Your objective: Every line from the one with "City of South" through the final line of the data below goes in the answer, copied exactly. Pictures do not.

________________________

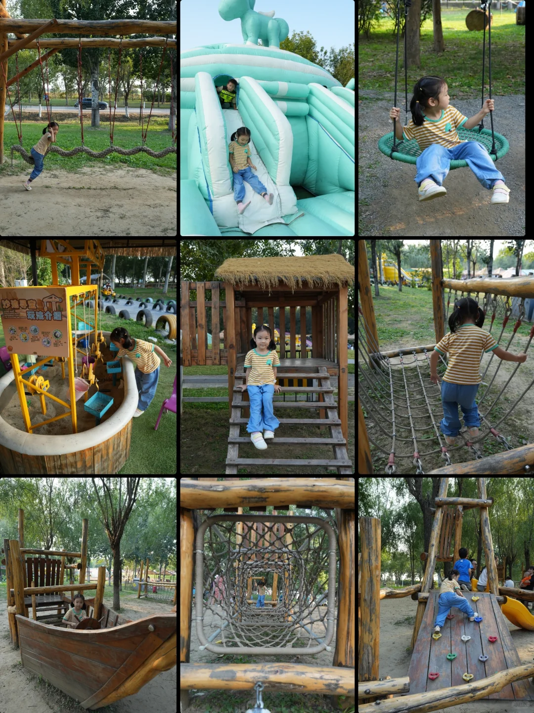 适合孩子玩的无动力乐园,有滑梯、秋千、海盗船、滑索、跷跷板等,还有一个🆓的充气城堡,小孩子玩一整天足够了
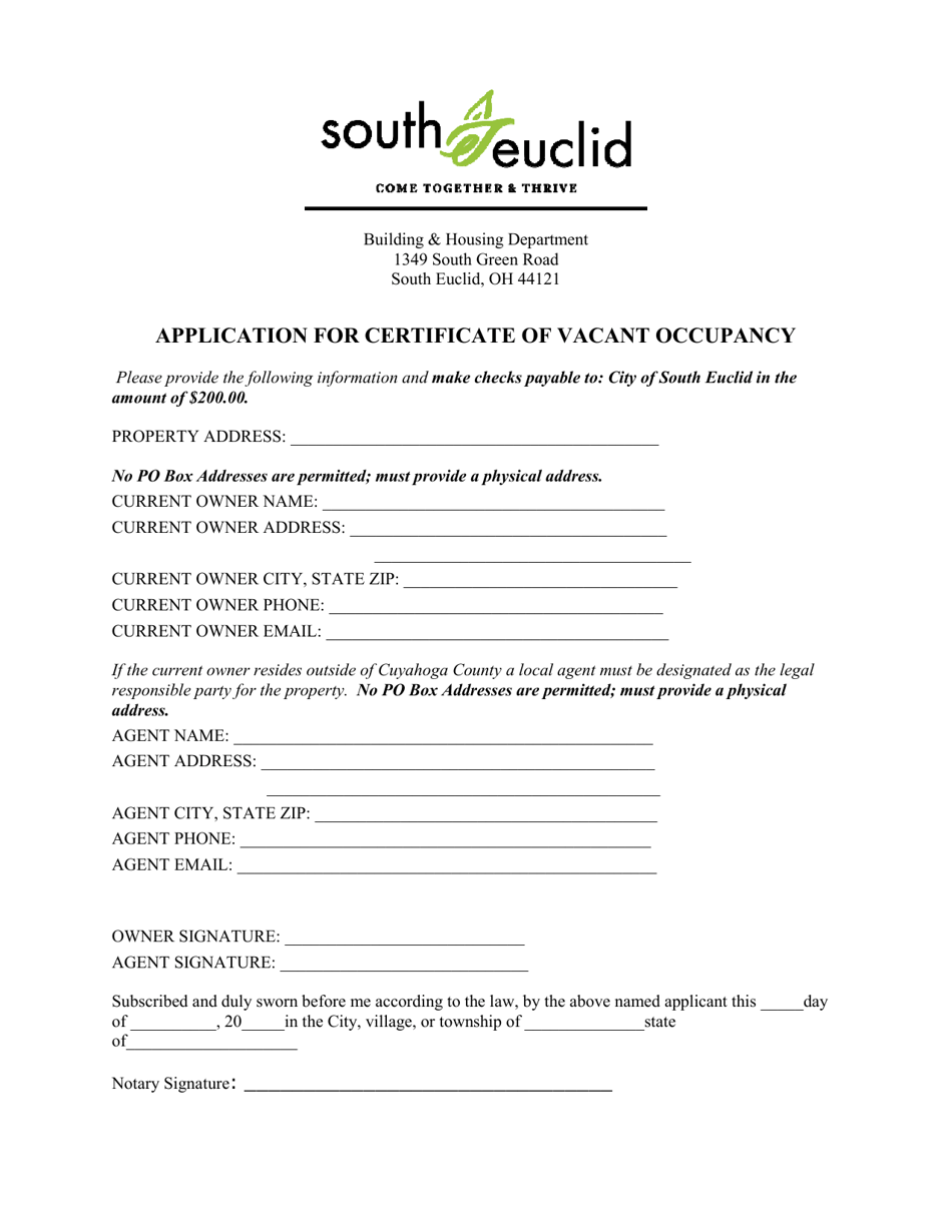 City of South Euclid Ohio Application for Certificate of Vacant
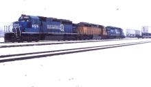 An unnamed TV train's power backs down through Dewitt for a pick up on a typically snowy Syracuse day. Second unit is UP 3572.
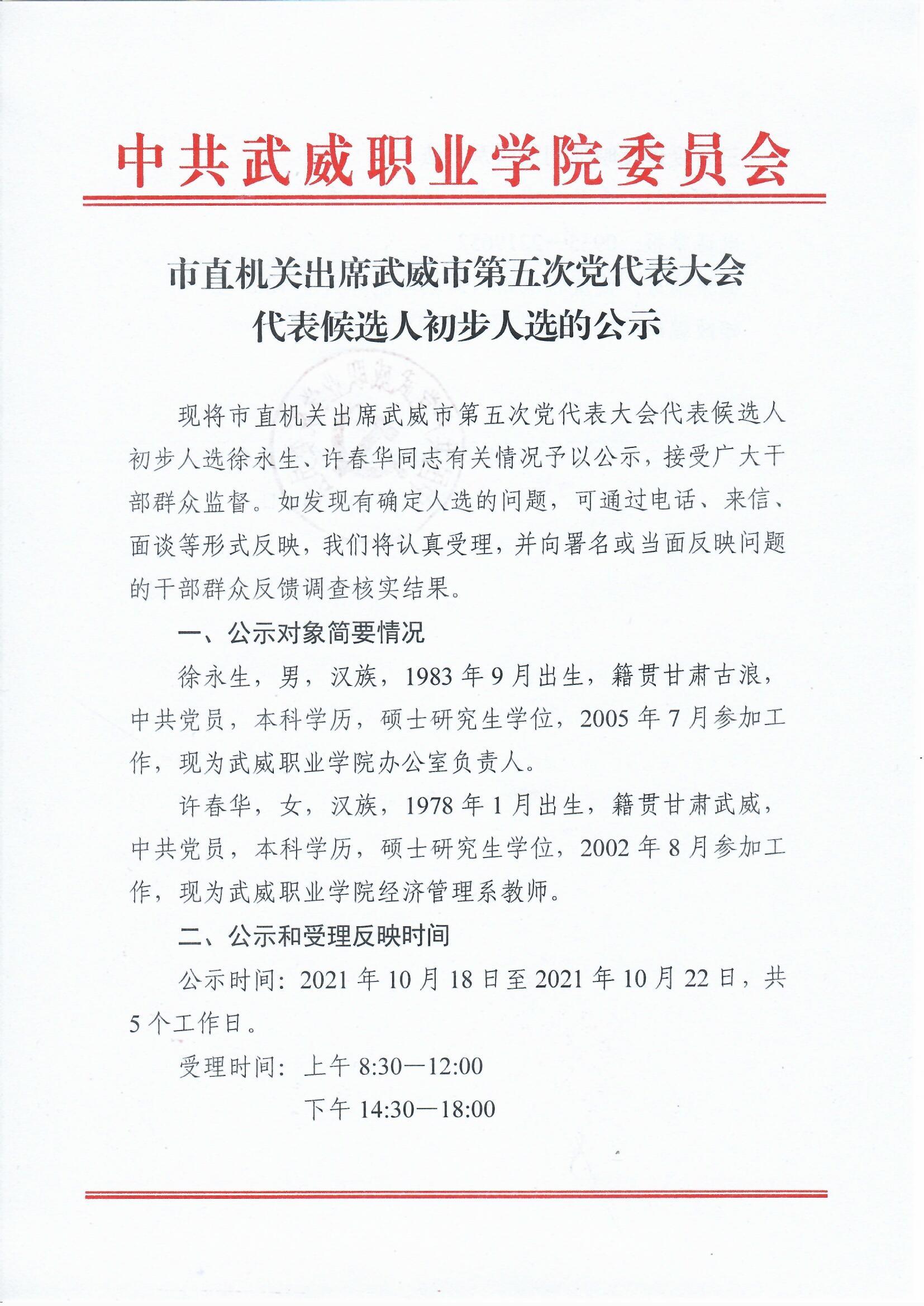 市直機(jī)關(guān)出席武威市第五次黨代表大會代表候選人初步人選的公示
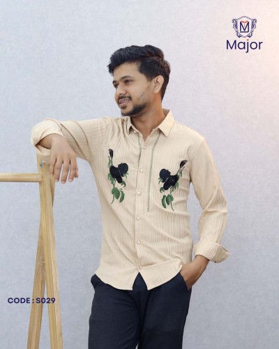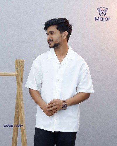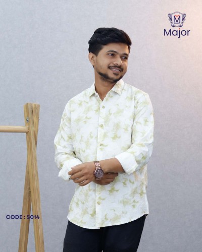A stylish white casual shirt featuring elegant leaf-inspired prints for a fresh, modern, and comfortable everyday look.
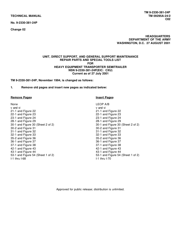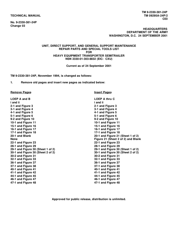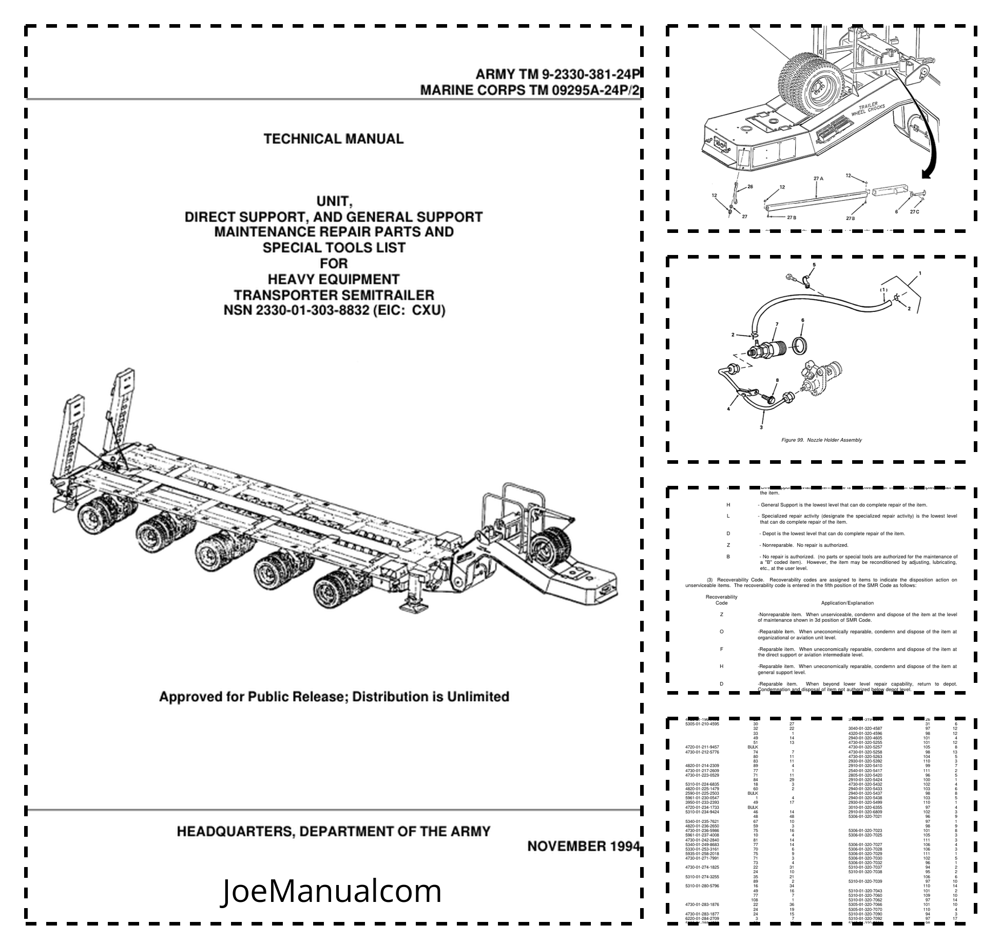 US Army TM 9-2330-381-24P Heavy Equipment Transporter Semitrailer Parts Manual
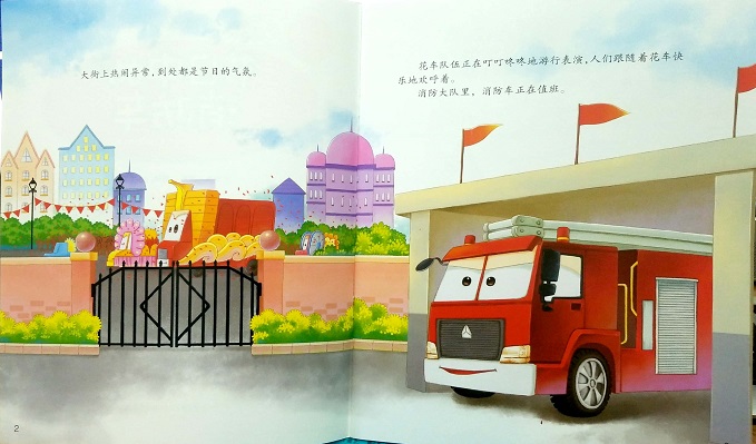 《节日中的消防车》讲述:在所有人都放假的节日里,消防车却孤零零地在消防大队里值班,任由巴士花车怎样劝他出去玩,他都坚定地不肯离开岗位半步。
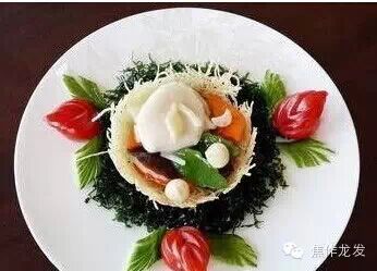 中国美食既讲究“色香味”,也讲究形美。这些菜肴姹紫嫣红,摆放也颇有意味。例如鲜带摆在土豆丝作成的“雀巢”上,就取自成语“筑巢迎凤”。
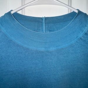 Free People *New* turquoise Bluish Green color Long Sleeve high collar Tee Shirt

________________________

Response:
 City of South Euclid Ohio Application for Certificate of Vacant
 An unnamed TV train's power backs down through Dewitt for a pick up on a typically snowy Syracuse day. Second unit is UP 3572.
 市直機(jī)關(guān)出席武威市第五次黨代表大會代表候選人初步人選的公示
A stylish white casual shirt featuring elegant leaf-inspired prints for a fresh, modern, and comfortable everyday look.
 US Army TM 9-2330-381-24P Heavy Equipment Transporter Semitrailer Parts Manual
 《节日中的消防车》讲述:在所有人都放假的节日里,消防车却孤零零地在消防大队里值班,任由巴士花车怎样劝他出去玩,他都坚定地不肯离开岗位半步。
 中国美食既讲究“色香味”,也讲究形美。这些菜肴姹紫嫣红,摆放也颇有意味。例如鲜带摆在土豆丝作成的“雀巢”上,就取自成语“筑巢迎凤”。
 Free People *New* turquoise Bluish Green color Long Sleeve high collar Tee Shirt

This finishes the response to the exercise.